◆ **Source records**
#####

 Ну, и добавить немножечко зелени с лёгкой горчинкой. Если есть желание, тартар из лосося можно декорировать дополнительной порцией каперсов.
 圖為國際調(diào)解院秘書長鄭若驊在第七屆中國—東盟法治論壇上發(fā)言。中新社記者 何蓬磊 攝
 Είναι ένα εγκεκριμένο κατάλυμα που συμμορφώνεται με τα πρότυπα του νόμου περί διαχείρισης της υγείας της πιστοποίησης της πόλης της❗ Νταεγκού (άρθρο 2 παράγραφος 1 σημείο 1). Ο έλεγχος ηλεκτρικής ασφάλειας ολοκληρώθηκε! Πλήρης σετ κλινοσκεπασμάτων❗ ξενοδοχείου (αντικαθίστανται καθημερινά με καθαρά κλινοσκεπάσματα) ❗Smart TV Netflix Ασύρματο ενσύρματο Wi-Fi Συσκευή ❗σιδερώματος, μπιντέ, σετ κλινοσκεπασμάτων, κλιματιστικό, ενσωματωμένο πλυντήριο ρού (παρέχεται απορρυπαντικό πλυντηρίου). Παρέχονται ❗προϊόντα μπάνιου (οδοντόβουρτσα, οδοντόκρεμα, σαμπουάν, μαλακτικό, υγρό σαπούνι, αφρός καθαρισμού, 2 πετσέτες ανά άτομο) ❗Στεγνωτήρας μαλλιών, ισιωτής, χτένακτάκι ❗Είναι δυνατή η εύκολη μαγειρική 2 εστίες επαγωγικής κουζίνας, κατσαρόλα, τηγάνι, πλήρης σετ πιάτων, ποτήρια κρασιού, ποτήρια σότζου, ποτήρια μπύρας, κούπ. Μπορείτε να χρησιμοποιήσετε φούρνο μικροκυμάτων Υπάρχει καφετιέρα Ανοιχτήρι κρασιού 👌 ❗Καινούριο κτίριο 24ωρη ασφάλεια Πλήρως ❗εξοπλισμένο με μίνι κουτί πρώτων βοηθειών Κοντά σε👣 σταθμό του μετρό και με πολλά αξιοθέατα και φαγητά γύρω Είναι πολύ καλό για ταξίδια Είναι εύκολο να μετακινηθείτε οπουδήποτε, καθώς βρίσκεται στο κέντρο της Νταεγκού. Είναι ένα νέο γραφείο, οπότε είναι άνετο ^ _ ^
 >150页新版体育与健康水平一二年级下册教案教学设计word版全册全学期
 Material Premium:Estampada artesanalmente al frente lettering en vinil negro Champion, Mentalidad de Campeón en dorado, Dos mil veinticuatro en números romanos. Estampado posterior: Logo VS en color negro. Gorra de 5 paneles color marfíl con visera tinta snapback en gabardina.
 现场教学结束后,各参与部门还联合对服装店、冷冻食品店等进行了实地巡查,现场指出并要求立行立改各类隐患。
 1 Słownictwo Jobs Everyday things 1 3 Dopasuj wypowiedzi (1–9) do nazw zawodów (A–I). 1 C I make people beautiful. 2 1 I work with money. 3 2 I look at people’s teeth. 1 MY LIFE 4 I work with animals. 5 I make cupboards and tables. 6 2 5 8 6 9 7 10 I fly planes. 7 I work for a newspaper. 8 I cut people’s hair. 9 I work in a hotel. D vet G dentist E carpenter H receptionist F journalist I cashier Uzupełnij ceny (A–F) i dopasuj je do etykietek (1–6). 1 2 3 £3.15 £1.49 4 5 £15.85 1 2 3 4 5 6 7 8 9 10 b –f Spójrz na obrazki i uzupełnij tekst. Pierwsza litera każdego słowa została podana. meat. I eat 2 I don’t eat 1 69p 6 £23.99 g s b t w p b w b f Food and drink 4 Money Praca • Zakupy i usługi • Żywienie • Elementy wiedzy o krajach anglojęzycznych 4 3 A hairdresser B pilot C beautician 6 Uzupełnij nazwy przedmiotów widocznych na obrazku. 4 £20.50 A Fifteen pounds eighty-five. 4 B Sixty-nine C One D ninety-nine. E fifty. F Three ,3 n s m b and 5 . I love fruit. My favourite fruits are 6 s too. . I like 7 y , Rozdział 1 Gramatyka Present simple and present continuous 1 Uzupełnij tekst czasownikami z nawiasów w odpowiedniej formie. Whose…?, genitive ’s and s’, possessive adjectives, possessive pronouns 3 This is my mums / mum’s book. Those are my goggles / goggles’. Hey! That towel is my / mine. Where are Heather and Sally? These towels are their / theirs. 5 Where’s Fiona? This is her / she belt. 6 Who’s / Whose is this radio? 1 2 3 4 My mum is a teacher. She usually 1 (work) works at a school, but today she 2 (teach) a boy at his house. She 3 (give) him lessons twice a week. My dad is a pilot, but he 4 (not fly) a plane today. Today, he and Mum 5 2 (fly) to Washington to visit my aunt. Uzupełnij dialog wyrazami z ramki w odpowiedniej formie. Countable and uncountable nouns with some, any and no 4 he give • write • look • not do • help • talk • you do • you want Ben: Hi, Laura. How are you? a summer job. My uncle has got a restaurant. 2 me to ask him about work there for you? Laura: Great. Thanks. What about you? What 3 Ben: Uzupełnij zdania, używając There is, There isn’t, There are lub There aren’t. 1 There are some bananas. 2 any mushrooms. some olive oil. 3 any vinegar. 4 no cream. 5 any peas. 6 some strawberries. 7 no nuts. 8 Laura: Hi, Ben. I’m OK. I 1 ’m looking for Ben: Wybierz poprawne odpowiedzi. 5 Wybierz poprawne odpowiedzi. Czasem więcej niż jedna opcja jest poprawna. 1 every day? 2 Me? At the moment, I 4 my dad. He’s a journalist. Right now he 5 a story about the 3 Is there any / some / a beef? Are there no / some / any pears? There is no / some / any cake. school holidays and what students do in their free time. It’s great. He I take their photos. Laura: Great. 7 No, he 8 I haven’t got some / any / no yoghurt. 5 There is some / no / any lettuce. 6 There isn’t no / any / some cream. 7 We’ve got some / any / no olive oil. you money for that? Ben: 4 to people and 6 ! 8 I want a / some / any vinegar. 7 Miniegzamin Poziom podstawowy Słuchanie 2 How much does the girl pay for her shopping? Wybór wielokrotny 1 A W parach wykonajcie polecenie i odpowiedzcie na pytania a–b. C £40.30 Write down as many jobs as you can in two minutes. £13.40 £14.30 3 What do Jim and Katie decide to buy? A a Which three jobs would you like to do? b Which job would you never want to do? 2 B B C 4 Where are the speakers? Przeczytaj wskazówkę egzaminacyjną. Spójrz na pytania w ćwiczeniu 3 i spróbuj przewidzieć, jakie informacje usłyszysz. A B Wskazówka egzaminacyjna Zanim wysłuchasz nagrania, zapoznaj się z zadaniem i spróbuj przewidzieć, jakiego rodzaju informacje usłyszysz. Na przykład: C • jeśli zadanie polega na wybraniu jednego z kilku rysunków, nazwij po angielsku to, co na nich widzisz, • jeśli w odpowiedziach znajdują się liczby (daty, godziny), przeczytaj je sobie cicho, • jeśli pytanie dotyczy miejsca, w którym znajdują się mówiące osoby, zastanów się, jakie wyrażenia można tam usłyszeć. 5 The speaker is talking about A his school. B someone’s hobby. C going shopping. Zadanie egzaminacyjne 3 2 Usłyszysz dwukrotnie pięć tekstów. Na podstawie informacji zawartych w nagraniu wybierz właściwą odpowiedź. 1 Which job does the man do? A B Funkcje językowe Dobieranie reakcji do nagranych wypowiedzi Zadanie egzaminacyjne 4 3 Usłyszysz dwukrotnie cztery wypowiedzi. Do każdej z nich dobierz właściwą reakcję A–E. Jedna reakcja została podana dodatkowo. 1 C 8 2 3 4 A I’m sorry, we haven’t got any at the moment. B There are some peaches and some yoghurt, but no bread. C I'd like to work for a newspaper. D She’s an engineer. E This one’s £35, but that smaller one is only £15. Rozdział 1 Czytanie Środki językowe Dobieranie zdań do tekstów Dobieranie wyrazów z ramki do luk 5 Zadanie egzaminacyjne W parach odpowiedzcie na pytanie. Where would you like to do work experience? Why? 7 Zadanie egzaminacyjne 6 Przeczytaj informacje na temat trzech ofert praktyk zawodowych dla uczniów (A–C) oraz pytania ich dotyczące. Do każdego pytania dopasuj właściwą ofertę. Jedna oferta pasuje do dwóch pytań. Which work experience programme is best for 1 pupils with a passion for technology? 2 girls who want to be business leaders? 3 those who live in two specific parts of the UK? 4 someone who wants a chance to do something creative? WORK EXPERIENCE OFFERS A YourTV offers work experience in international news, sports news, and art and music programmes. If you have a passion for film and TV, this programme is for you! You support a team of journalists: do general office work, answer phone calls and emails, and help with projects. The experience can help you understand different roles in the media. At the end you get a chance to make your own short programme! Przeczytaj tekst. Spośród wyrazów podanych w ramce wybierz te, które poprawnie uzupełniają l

#####

◆ **DIRECTIONS FOR THIS TASK**
Retype the records above, but only those lines that fall between the line containing "Material Premium:Estampada artesanalmente" and the line containing "现场教学结束后,各参与部门还", with both of those lines included, exactly as written.

◆ **REPLY**
 Material Premium:Estampada artesanalmente al frente lettering en vinil negro Champion, Mentalidad de Campeón en dorado, Dos mil veinticuatro en números romanos. Estampado posterior: Logo VS en color negro. Gorra de 5 paneles color marfíl con visera tinta snapback en gabardina.
 现场教学结束后,各参与部门还联合对服装店、冷冻食品店等进行了实地巡查,现场指出并要求立行立改各类隐患。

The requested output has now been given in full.